Move the camera
The camera for 3D content represents a vantage point and behaves much like a video camera.
If you move the camera orbit so that part of the 3D object extends beyond the blue bounding box, the parts outside the box will not be visible unless you clear the check box for the ClipToBounds property in the Appearance category of the Properties panel. Alternatively, you can scale the Viewport3D object to make it larger.
In the Tools panel, click Camera Orbit .
On the artboard, click a 3D object, and then drag your mouse to move the camera that is looking at that object. You can change the behavior of the Camera Orbit tool in the following ways:
Hold the ALT key when dragging to move the camera closer to the look-at point (ALT + move mouse up) or further away from the look-at point (ALT + move mouse down).
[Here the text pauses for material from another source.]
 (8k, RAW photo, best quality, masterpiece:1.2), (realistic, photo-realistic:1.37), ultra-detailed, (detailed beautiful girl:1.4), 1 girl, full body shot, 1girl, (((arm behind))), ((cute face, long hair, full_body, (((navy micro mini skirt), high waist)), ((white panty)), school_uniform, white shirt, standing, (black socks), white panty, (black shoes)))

CTRL also constrains the movement of the camera to the X and Y plane.
Hold the SHIFT key when dragging to snap the movement every 15 degrees in each of the three directions (X, Y, and Z).
In the Objects and Timeline panel, expand the Viewport3D object for the object that you want to modify. The Viewport3D object contains a child object for the camera, and a container object for the world geometry.
Expand the camera container object, and then select the Camera child object.
In the Camera category of the Properties panel, you can adjust the following properties:
Width For the orthographic camera only, this attribute controls how much of the content is visible. As this number becomes larger, more of the content will be visible.
Position The position of the camera in the world.
Direction The point at which the camera is looking in the world.
Up Vector Specifies which direction is "up" for this camera.
Perspective Field of View For the perspective camera only, this attribute changes the amount of the content that is visible through the camera and the amount that objects in the document appear to be distorted by the camera. Small values reduce the amount that an object is distorted by perspective. Large values cause objects to become very distorted, as with a fisheye lens.
Far/Near Clipping Planes These properties control how close to or far away from the camera an object can get before it disappears from the rendered view.